As described above, according to the present invention, by optimizing the component composition and steel structure of the steel sheet,
It is possible to manufacture steel sheets with a static-dynamic ratio that is far superior to conventional ones, and by using these steel sheets for automobiles,
The weight and safety of the car body can be improved. Further, such a steel sheet can be reliably manufactured only by appropriately controlling the annealing conditions after cold rolling.
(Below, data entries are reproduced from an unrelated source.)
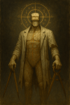 From these fingerprints arise Monstrosities — symbolic anatomies of error. They are not literal beasts, but visual portraits of distortion: a ribcage cracking into a cage, a mirror face splitting into false identities, a crown warping into jagged domination.
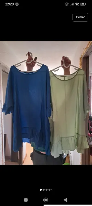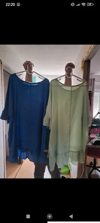 Conjunto de dos camisas o vestidos versátiles. Sin uso, entallan de la XL a la XXXL - Diseño holgado y cómodo. - Mangas con detalle. - Bajo con volantes.
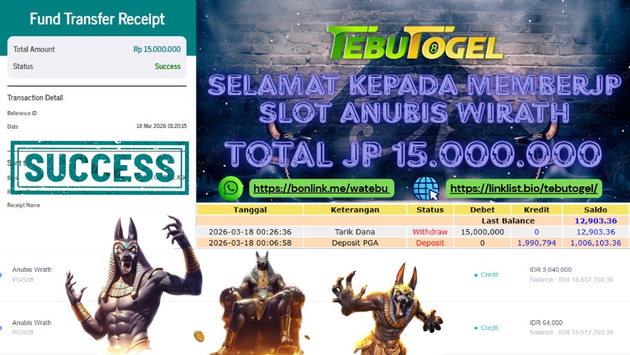Selamat kepada User id : MOMO** telah berhasil mendapatkan kemenangan besar pada permainan SLOT ANUBIS WIRATH dengan kemenangan sebesar Rp 15.000.000,- Setelah mengisi formulir withdraw dengan kurung waktu hanya 5 – 10 menit pihak TebuTogel sudah melakukan transfer kepada pemilik User id dan dana sudah dapat dicairkan oleh pemenang. Bukti pembayaran yang kami berikan merupakan bukti pembayaran yang SAH / VALID yang langung didapatkan melalui tanda transfer transaksi dari Bank yang dituju.
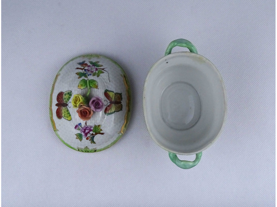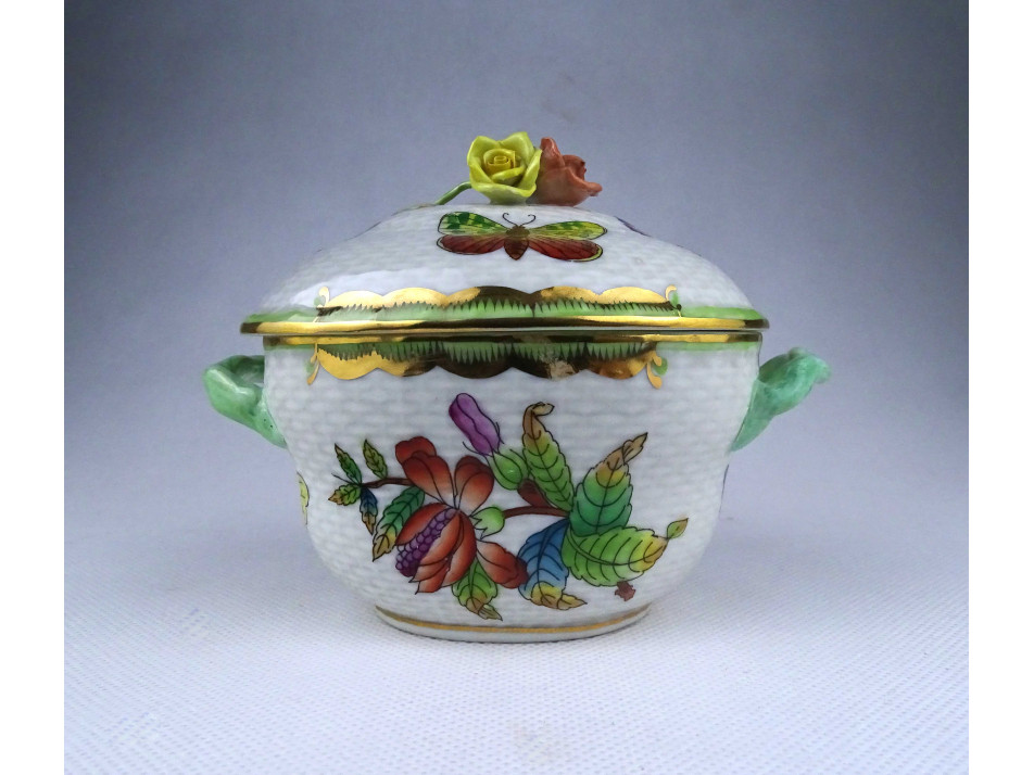 Régi, szép állapotú, Viktória mintás Herendi porcelán bonbonier, tetején hármas rózsa díszítéssel. Fülei restaurátor által szakszerűen javítottak.
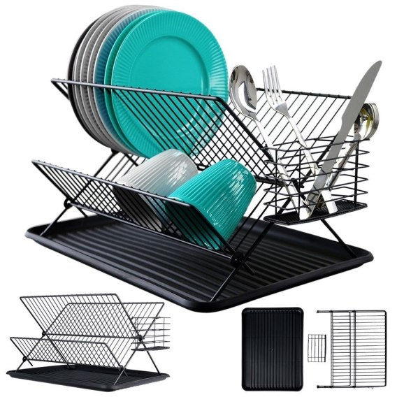 Elegancka suszarka do naczyń w kolorze czarnym. Posiada miejsce na talerze, szklanki oraz sztućce. Wyposażona w tacę ociekową.

Continuation of the front page (72) Inventor Toshiyuki Kato 1 Kawasaki-cho, Chuo-ku, Chiba, Chiba Prefecture Inside the Technical Research Division, Kawasaki Steel Co., Ltd. (58) Fields investigated (Int.Cl. ⁷ , DB name) C22C 38/00 C21D 8/02 C21D 9/46

Claims (2)

(57) [Claims] 1. C: 0.010 to 0.10 wt%, Si: 0.05 to 2.0 wt
%, Mn: 0.50 to 3.00 wt%, P: 0.01 to 0.15 wt%, S: 0.01 wt% or less, B: 0.001 to 0.01 wt%, and has a composition of the balance Fe and unavoidable impurities. Moreover, its structure is composed of a ferrite phase of 95 to 60% by volume and a martensite phase of 5 to 40% by volume, and this martensite phase has an average grain size of 3
Steel sheet for automobiles with excellent impact resistance of less than μm. 2. C: 0.010 to 0.10 wt%, Si: 0.05 to 2.0 wt
%, Mn: 0.50 to 3.00 wt%, P: 0.01 to 0.15 wt%, S: 0.01 wt% or less, B: 0.001 to 0.01 wt%, and the remaining Fe and inevitable impurities are hot-rolled. Then, after cold rolling, finish annealing is performed at a temperature of 780 to 900 ℃, and in the cooling process, cooling to 650 ℃ is performed at a speed of 5 to 20 ℃ / sec.
A method for producing a steel sheet for automobiles having excellent impact resistance, which comprises cooling to 100 ° C at a cooling rate of 10 to 30 ° C / sec.